At dinner parties one often hears of the horrors of dying without a valid Will. How the bulk of the estate was forfeited to the Government; how an excessive amount of Estate Duty or executors fees was payable; that rightful heirs were disinherited and every other calamity possible.
Actually, according to David Knott, a fiduciary specialist at Private Client Trust, a division of Private Client Holdings, none of this is true and the only real negative to not having a valid Will is that your estate will devolve amongst your close relatives in terms of a formula set out by our law-makers, which could cause an inconvenient division of your estate. This formula is known as The Intestate Succession Act 81 of 1987 which applies to persons dying after 18th March 1988 either wholly or partly intestate.
“A person could die without a valid Will – thereby being wholly intestate, or could die leaving a Will but portions of that Will might be impossible to implement,” says Knott. “For example, a legatee could have pre-deceased the testator without any provision allowed for substitution of that bequest. Partial intestacy would then apply to that bequest with the balance of the estate devolving in terms of the Will.”
Knott explains that the manner in which the estate devolves in terms of intestacy will differ as to whether the deceased was married, and if so, how they were married; if there are survived by a spouse and if also survived by children. “To determine who the intestate heirs are, and to give each their share could sometimes cause extended delays in finalising an estate, hardships and unnecessary forced sales.”
For example, Mr X, married out of community of property without the accrual regime, dies without a Will leaving an estate consisting of a residential property worth R3 million, a share portfolio of R2 million and cash in the bank of R60,000 – in total an estate of some R5,060,000. He is survived by his spouse and three minor children. In terms of the law of intestate succession, his estate is to be shared by his spouse and his children; the estate is shared four ways. The spouse and each child is to inherit R1,265,000.

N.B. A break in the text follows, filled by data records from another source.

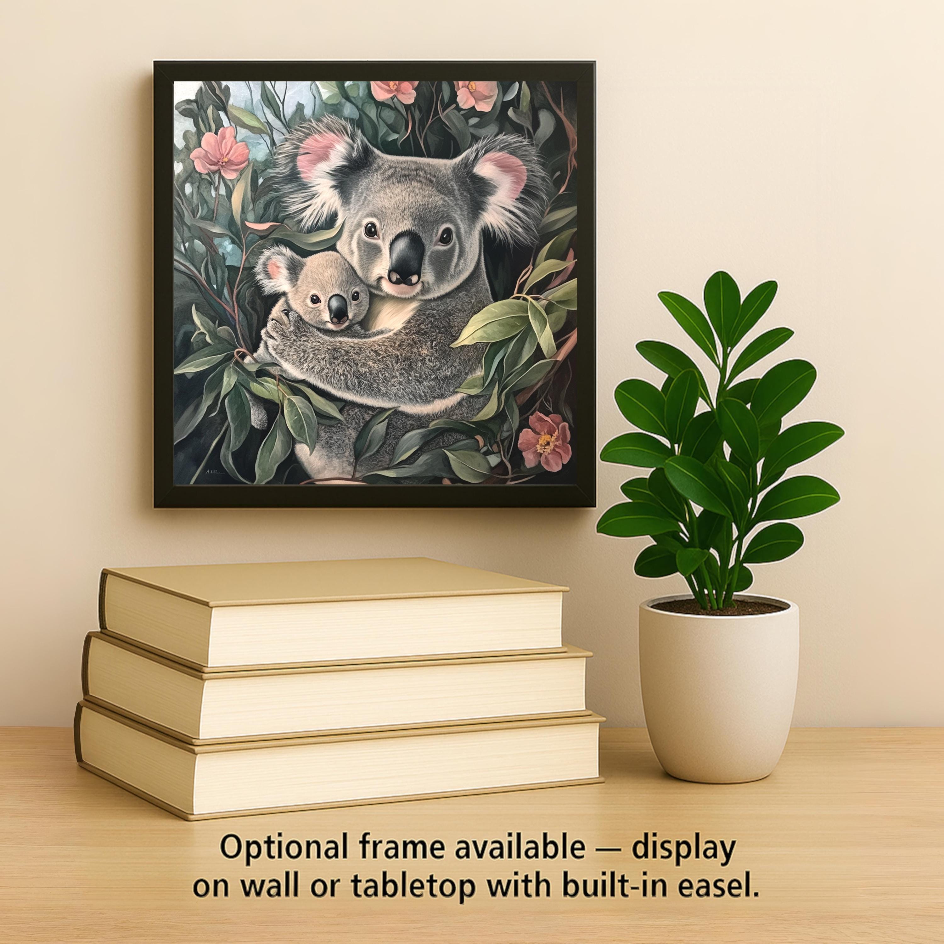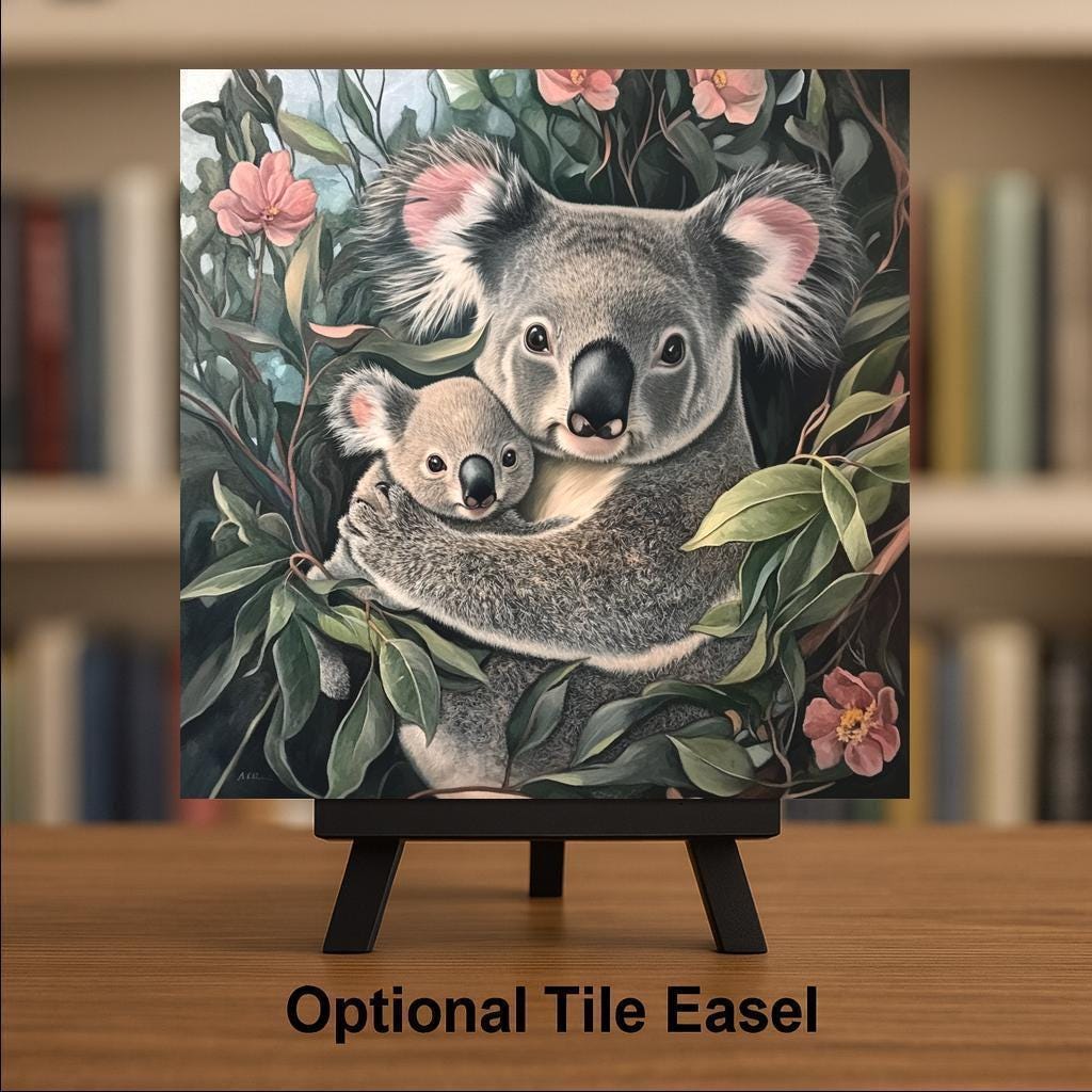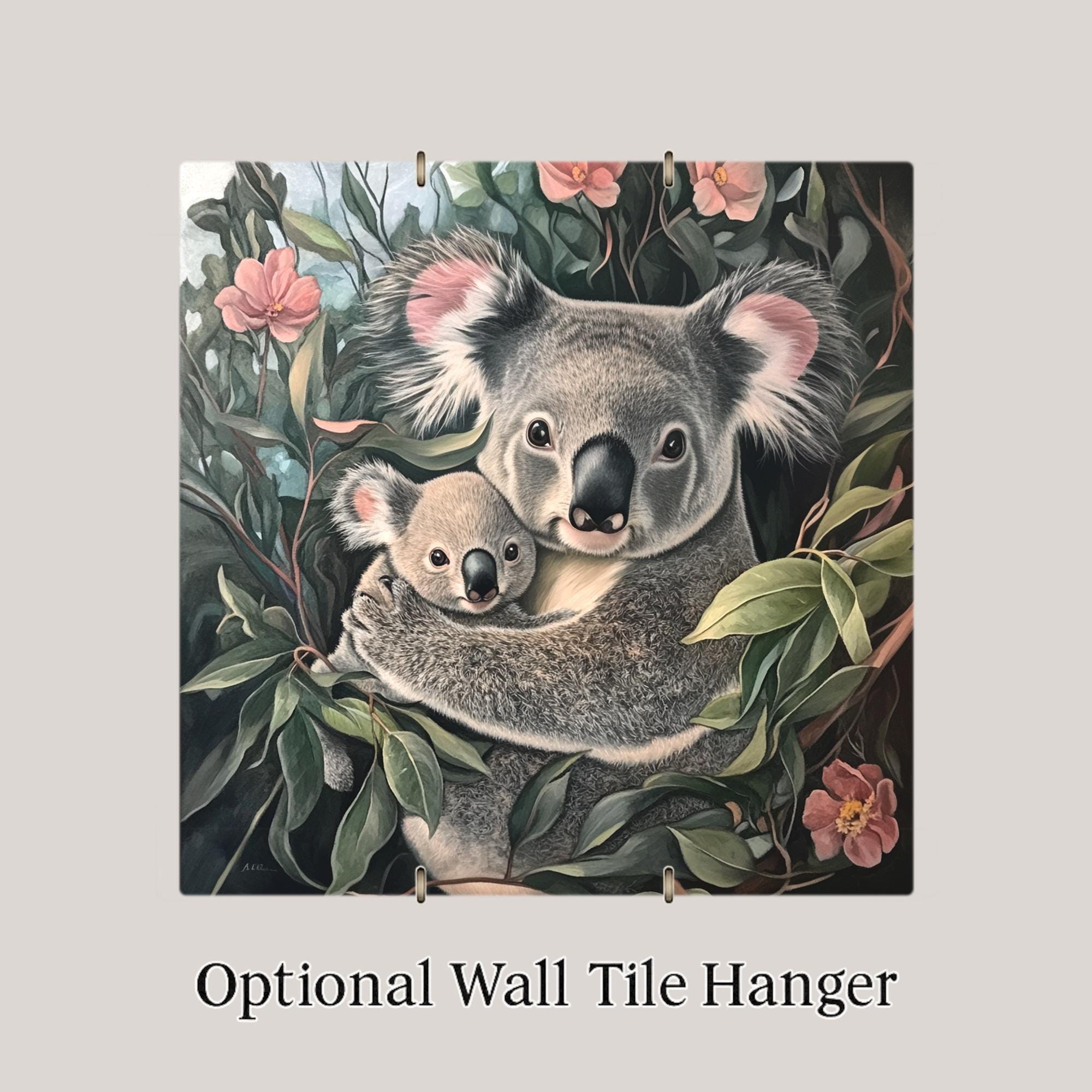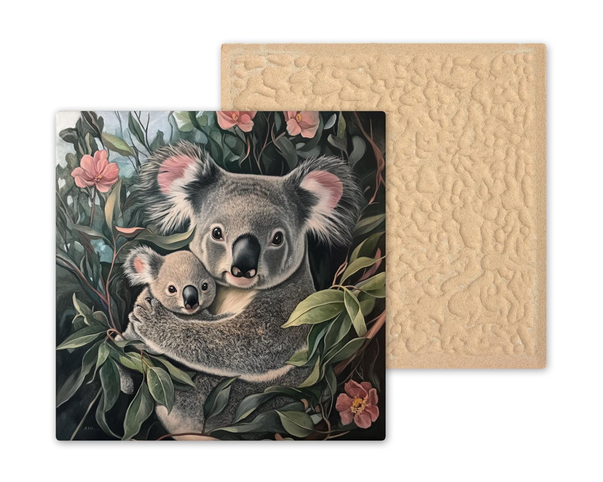This handmade koala ceramic tile features a sweet, realistic illustration of a mother koala cuddling her baby in a eucalyptus grove. With soft brush textures, botanical accents, and rich earth tones, it captures the beauty of Australian wildlife and the comfort of maternal love. Framed by florals and forest foliage, it feels like a quiet moment in nature frozen in time.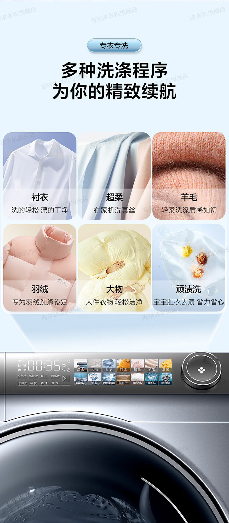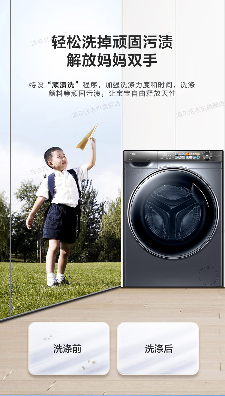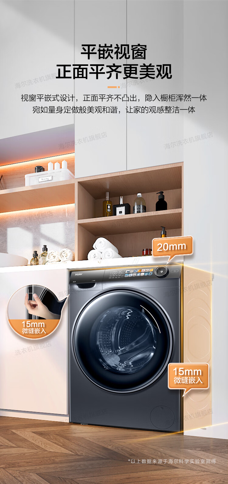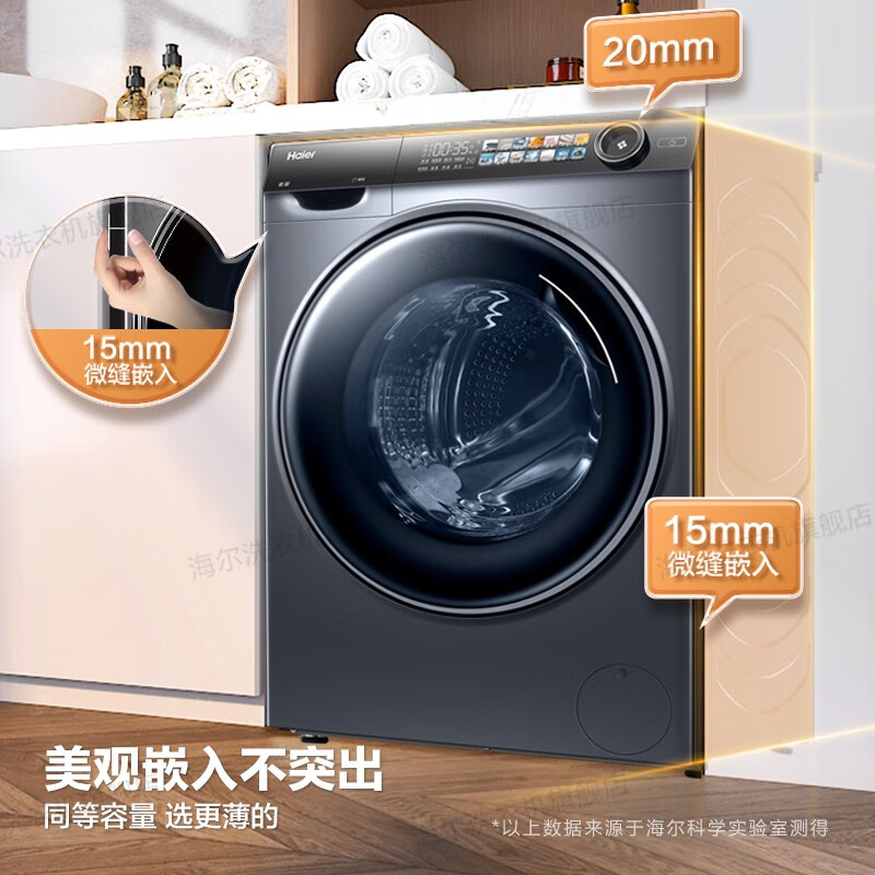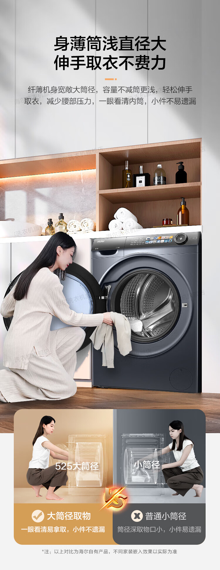 海尔(Haier)【宝藏款028精华洗】超薄洗衣机10公斤全自动家用大筒径智能投放晶彩大屏 以旧换新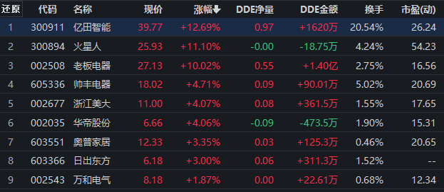 從早盤表現(xiàn)強(qiáng)勢的廚衛(wèi)電器行業(yè)看,交易中的9只成份股全線上漲,其中,有3只個股漲幅超5%。

“One might consider this devolution to be no real problem,” says Knott, “until you realise that the residential property must now be registered in the names of all four intestate heirs resulting in an almost impossibility should the spouse need to sell to move to a more modest home. The spouse would need to convince a Court that the sale was in the best interests of the three children. If the sale was approved, the children’s share of the proceeds would be lumped together with their share of the portfolio proceeds and this cash would be paid over to the Guardians Fund, essentially a savings account run by the Master of the High Court.
When the children successively attain the majority they would be at liberty to claim their inheritance plus simple interest from the Guardians Fund. The widow would almost certainly experience financial hardship in the meantime.”
“This example would have a very different devolution if Mr X was married in community of property, was married in terms of the accrual regime or was single. However, the simple solution to avoid the vagaries and consequences of the Intestate Succession Act 81 of 1987 is to consult with a trusted advisor and to ensure that a valid Will is in place before you die. A Will must be reviewed whenever one’s circumstances change and is probably the most important document one could ever sign,” concludes Knott.